Install the elasticsearch-tocsv package with:

$ pip3 install elasticsearch-tocsv

Requiring of a version of python >=3.8 is not really mandatory (even 3.7 should work but needs to be tested first) but it’s highly recommended since previous versions might have problems when logging in multiprocessing mode.


Arguments description

Running elasticsearch_tocsv --help on the terminal you will be presented with all the possible arguments you can launch the command with. Some of them are mandatory, some others might depend on different ones. Here’s the complete list of what the arguments are, if they are mandatory or optional and what they are thought for. Later on some use cases will be reported.

MANDATORY

  • -f, –fields

    Elasticsearch fields, passed as a string with commas between fields and no whitespaces (e.g. “field1,field2”).
  • -i, –index

    Elasticsearch index pattern to query on. To use wildcard (*), it’d be better to put the index between quotes (e.g. “my-indices*”).


OPTIONAL

  • -af, –aggregation_fields [default: None]

    Set this option if you want to generate an additional file (raw exports file will still be generated) containing the info aggregated according to specific fields.
    Specify the fields to aggregate on as a string with commas between fields and no whitespaces (e.g. “field1,field2”).
  • -asi, –allow_short_interval [default: False]

    Set this option to True to allow the –load_balance_interval to go below 1 day.
    With this option enabled the –load_balance_interval can be set down to 1 minute (1m).
  • -at, –aggregation_type [default: count]

    Aggregation function to use when generating the aggregated csv file.
    It can be one of the following: [‘count’, ‘min’, ‘max’, ‘mean’, ‘sum’].
    This option requires the –aggregation_fields to be set.
  • -b, –batch_size [default: 5000]

    Batch size for the scroll API. Max 10000.
    Increasing it might impact the ES instance heap memory.
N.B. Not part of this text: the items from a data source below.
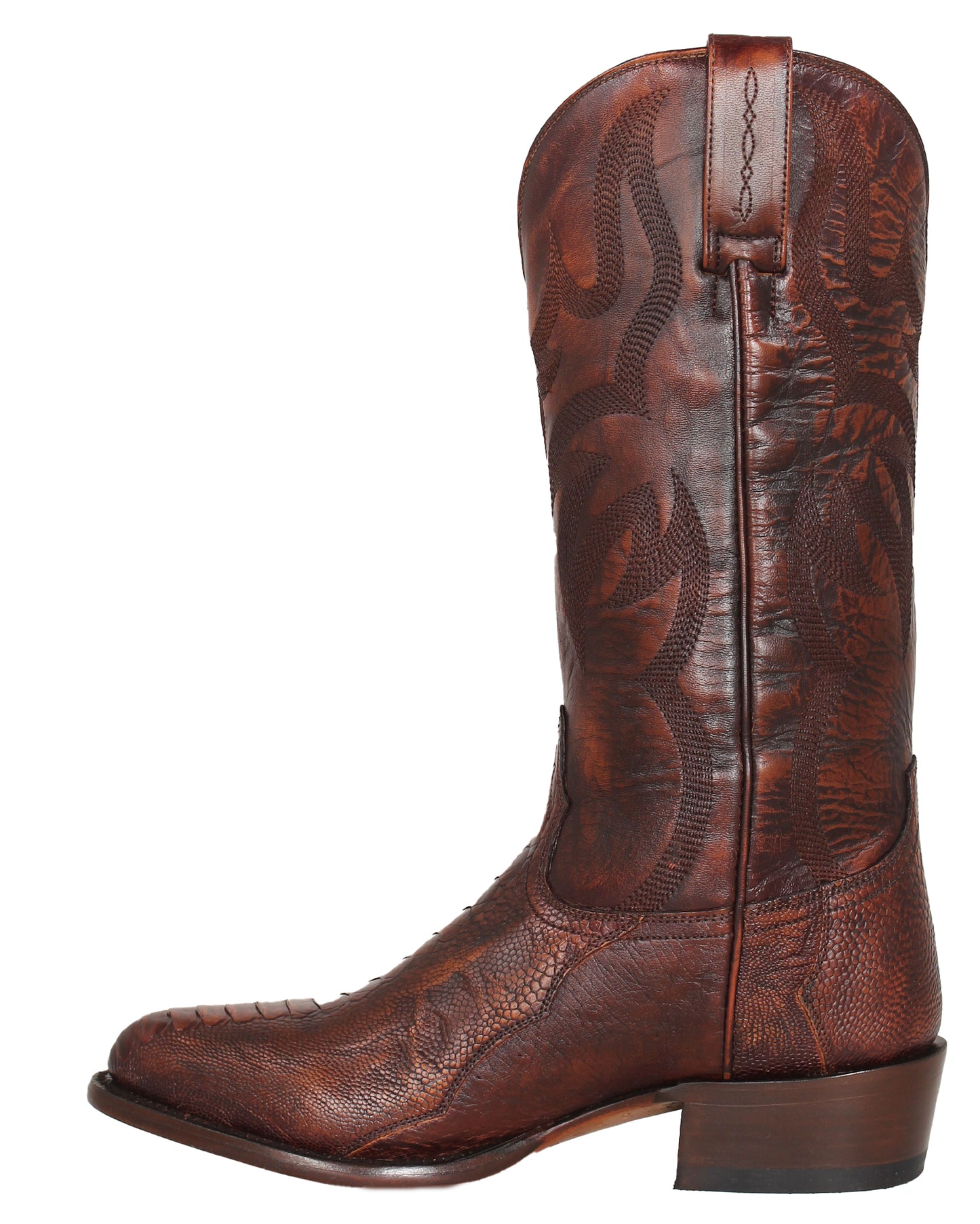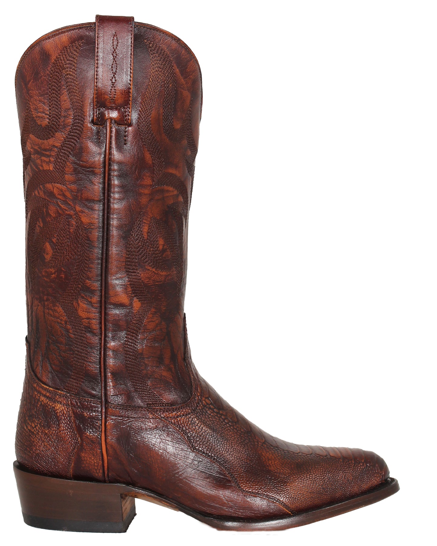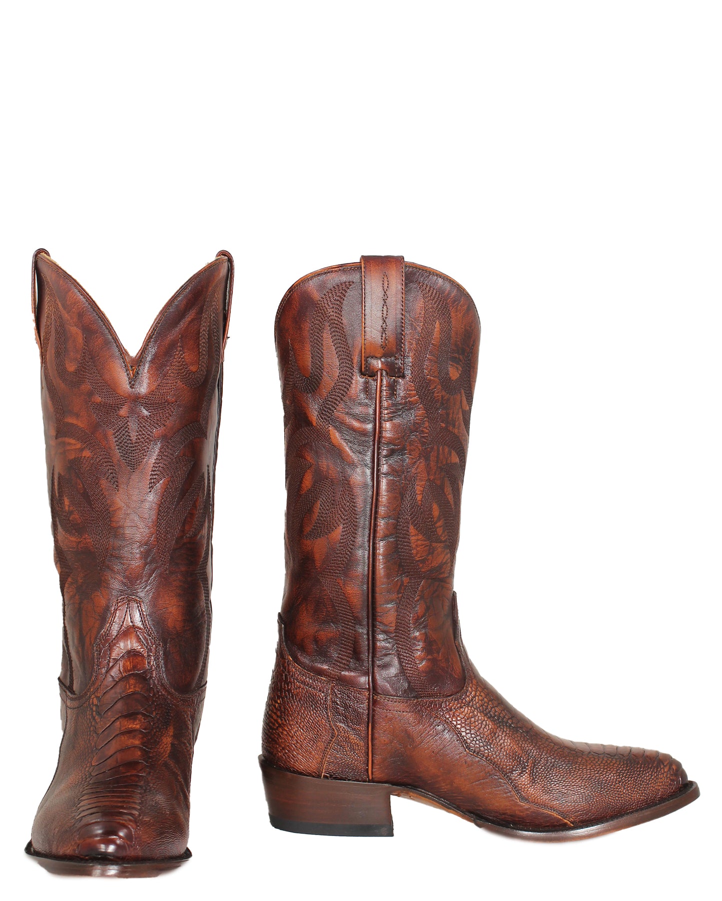 Inspired by the halcyon days and the mythic bird known for calming the winter seas, this exquisite 13" boot is crafted from genuine ostrich leg. With its R medium round toe and a 1 3/8" cowboy heel, it mirrors the peace and tranquility that Halcyon represents. The blend of premium leather and unique texture offers a serene yet striking aesthetic, a tribute to nature's moments of calm beauty.
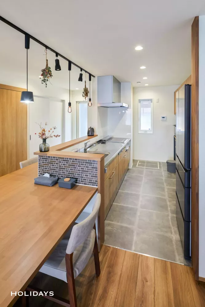 トレンドカラーのグレーを取り入れたお洒落なキッチンダイニング
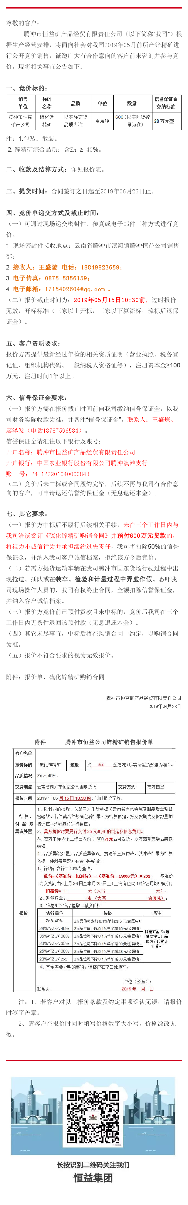 騰沖市恒益礦產品經貿公司關于鋅精礦競價銷售公告(201903)號 來源: 瀏覽量:11101 日期:2019-04-28 分享到: 上一篇:騰沖市恒益礦產品經貿公司關于鋅精礦競價銷售公告(201904)號 下一篇:騰沖東山康養國際旅居小鎮學府雅苑智能安防系統工程施工招標公告
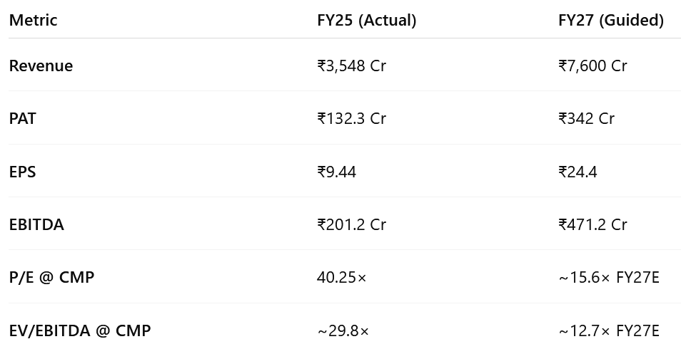 FY26–27 Visibility: ₹7,600 Cr revenue and 4.5% PAT margin by FY27 appear embedded in valuations.
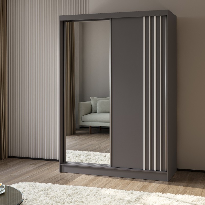Szafa Przesuwna NELVIA 150 cm z Lustrem Szafa Dwudrzwiowa Szara
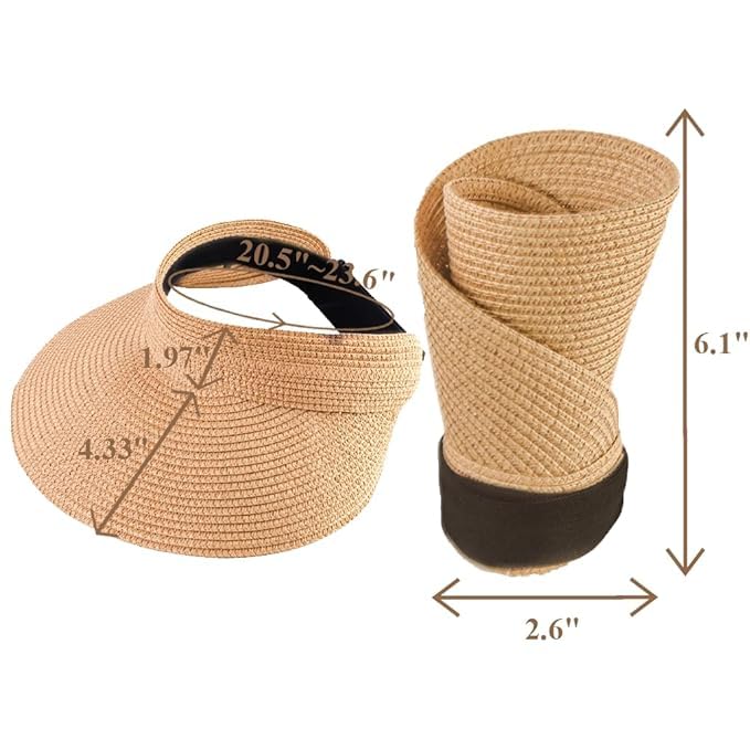 INFINIBYTE Women's Wide Brim Straw Sun โ Foldable UV Protection Beach Visor Hat, Packable Summer Travel Hat with UPF 50+(Packof2) Khaki
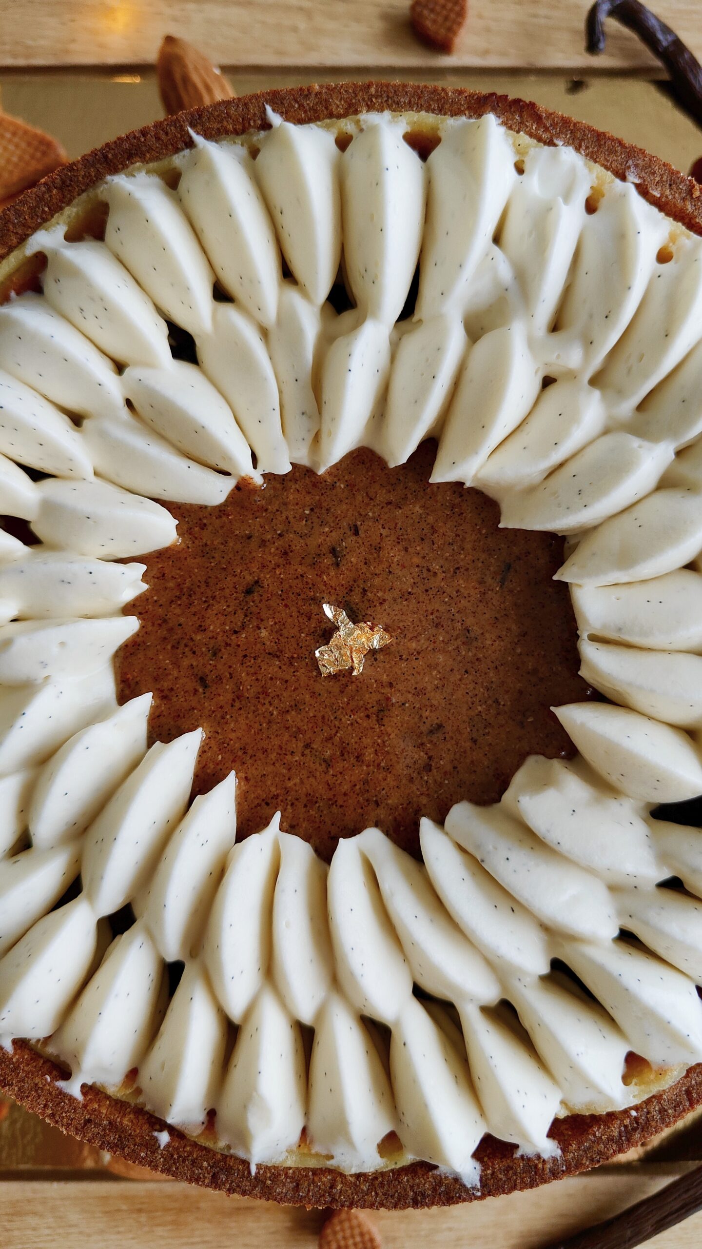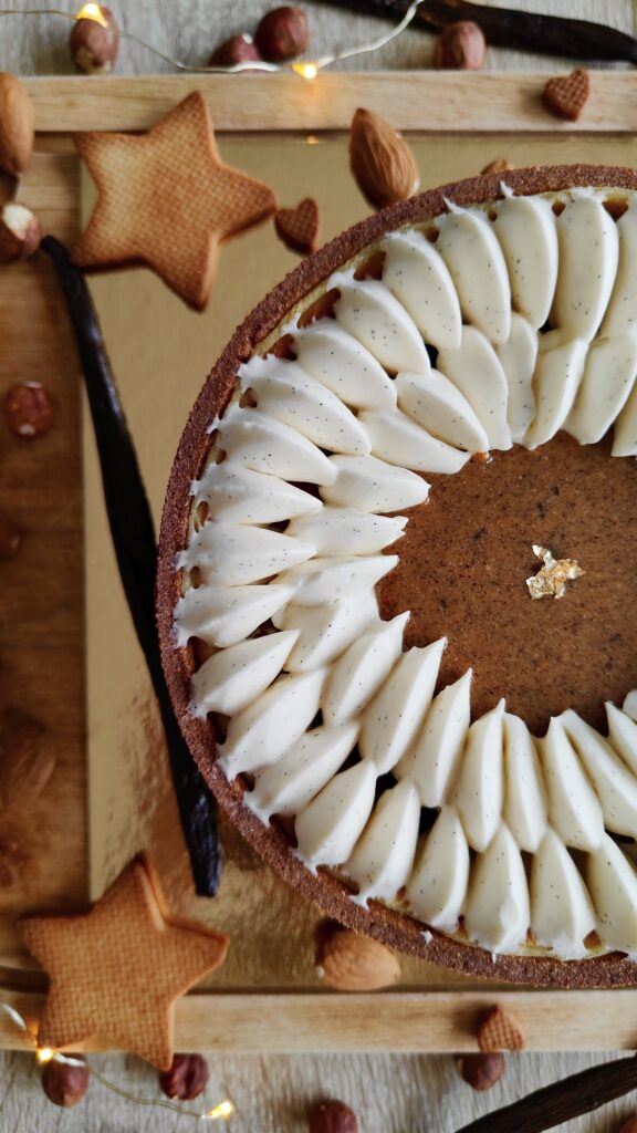 Un petit flan pour la dernière recette de l'année 2025 !Une pâte sucrée vergeoise et à la poudre de vanille, un appareil à flan vanille bien crémeux, un praliné à la vanille et une petite ganache montée à la vanille, légère et onctueuse.Vous l'aurez compris : un flan intensément vanille !
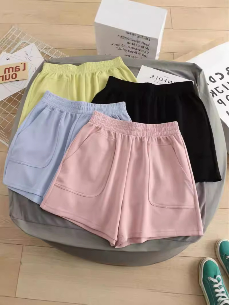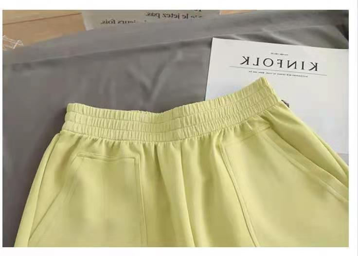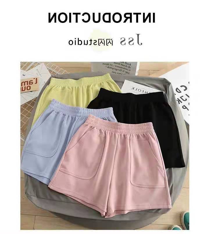 Летние тонкие корейские спортивные шорты женские с высокой талией, свободные, тонкие широкие брюки, трехочковые брюки с хлопчатобумажными повседневными брюками
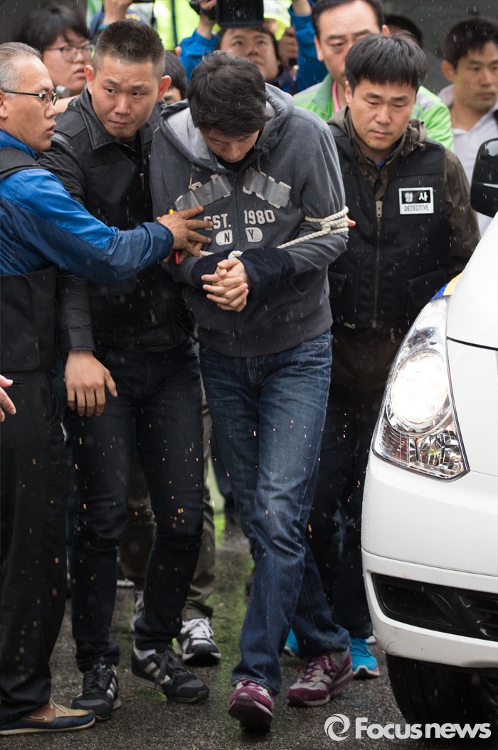 (인천=포커스뉴스) 안산 대부도 토막살인의 용의자 조성호가 10일 오전 인천 연수구 연수동의 주거지에서 현장검증을 위해 범행현장으로 이동하고 있다.
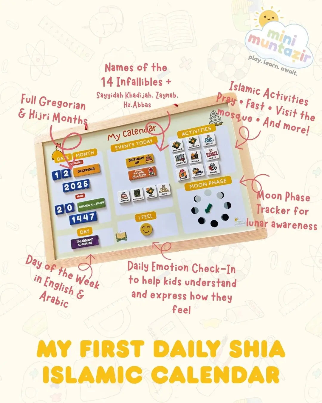 This bright, hands-on magnetic calendar is a wonderful way to keep little hands busy and curious minds ticking. Designed especially for children, it helps them explore Hijri and Gregorian dates, follow the moon’s journey, recognise important Shia occasions, and gently check in with how they are feeling each day.
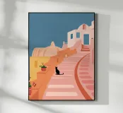 Eine bezaubernde Illustration einer schwarzen Katze, die auf den Stufen einer schönen Stadt am Meer sitzt, deren Gebäude in zarten Rosatönen gehalten sind. Die Szene ist friedlich, malerisch und voller mediterranem Charme.
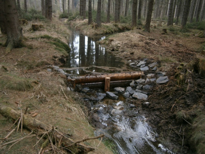 Sedmnáct dřevěných prahů snižuje spád a vzdouvá vodu, která tak zůstává v porostech u Českých Křižánek na Žďársku v Kraji Vysočina. Vodohospodáři z Lesů ČR právě dokončili projekt za 300 tisíc korun bez DPH.
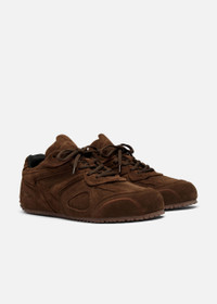The Slow Runner’s layered, low-profile silhouette embodies the ethos of deconstruction and innovation. A seamless blend of old and new, the upper reimagines the iconic Marathon Runner through familiar, intricate panels of tonal soft suede. This model is set on a sleek, flat outsole with a unique knit-inspired finish that echoes design elements from our ready-to-wear collections. Style Details - Upper: 100% Suede - Lining: 85% Recycled Polyester, 15% Microfibre - Sole: 100% Rubber - Height measures 7mm - European Sizing - Round laces - Debossed branding on tongue - Handcrafted in Portugal
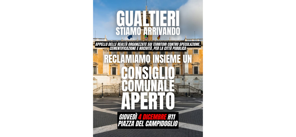 Reclamiamo insieme un consiglio comunale aperto. Giovedì 4 dicembre, ore 11 Piazza del Campidoglio. Appello delle realtà organizzate sui territori contro speculazione, cementificazione e nocività, per la città pubblica
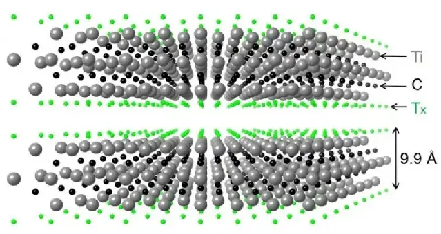 因此,在氫氟酸溶液中,MAX相的A原子層易于被刻蝕,剩下M與X原子層形成二維Mn+1Xn原子晶體,為了強(qiáng)調(diào)它們是由MAX相剝離而來(lái),并具有與石墨烯(Graphene)類(lèi)似的二維結(jié)構(gòu),將它們統(tǒng)一命名為MXene。根據(jù)各種過(guò)渡金屬(如Ti,Mo,V,Cr及其與C和N合金)的組合,材料科學(xué)家已經(jīng)確定或預(yù)測(cè)了成百上千種不同MXenes的穩(wěn)定相。

If you want to set a value greater than 10000, you must set the max_result_window elasticsearch property accordingly first.
    Please check out the elasticsearch documentation before increasing that value.
  • -c, –cert_verification [default: False]

    Require ssl certificate verification. Set to True to enable it
    This option is ignored if –ssl is not set to True.
  • -cp, –certificate_path [default: ‘’]

    Path to the certificate to verify the instance certificate against.
    This option is ignored if –ssl and –cert_verification are not set to True.
  • -dp, –disable_progressbar [default: False]

    Turn off the progressbar visualization.
    Set to True to simply be noticed when processes have done fetching data, without the loading progressbars.
    Might be useful in case you redirect the output to a file.
  • -e, –export_path [default: es_export.csv]

    Path where to store the csv file. Make sure the user who’s launching the script is allowed to write to that path.
    WARNING: At the end of the process, unless –keep_partial is set to True, all the files with filenames “[–export_path]_process*.csv” will be removed. Make sure you’re setting a –export_path which won’t accidentally delete any other file apart from the ones created by this script.
  • -ed, –ending_date [default: now+1000y]

    Query ending date. Must be set in iso 8601 format, without the timezone (e.g. “YYYY-MM-ddTHH:mm:ss”).
    Timezone can be specified with the –timezone option.
    This option requires the –time_field to be set.
  • -em, –enable_multiprocessing [default: False]

    Enable the multiprocess options. Set to True to exploit multiprocessing.
    This option requires the –time_field to be set.
  • -h, –help

  • -ho, –host [default: localhost]

    Elasticsearch host
  • -k, –keep_partials [default: False]

    During the processing, various partial csv files will be created before joining them into a single csv. Set this flag to True if you want to keep also these partial files.
    Notice the partial files will be kept anyway if something goes wrong during the creation of the final file.
  • -lbi, –load_balance_interval [default: None]

    Set this option to build process intervals by events count rather than equally spaced over time. The shorter the interval, the better the events-to-process division, the heavier the initial computation to build the intervals.
    It cannot go below 1d if –allow_short_interval is not set.
    Allowed values are a number followed by one of [m, h, d, M, y], like 1d for 1 day or 4M for 4 months.
    Multiprocessing must be enabled to set this option.
  • -mf, –metadata_fields [default: ‘’]

    Elasticsearch metadata fields (_index, _type, _id, _score), passed as a string with commas between fields and no whitespaces (e.g. “_id,_index”).
  • -o, –scroll_timeout [default: 4m]

    Scroll window timeout. Default to 4 minutes.
  • -p, –port [default: 9200]

    Elasticsearch port.
  • -pcs, –partial_csv_size [default: 10000000]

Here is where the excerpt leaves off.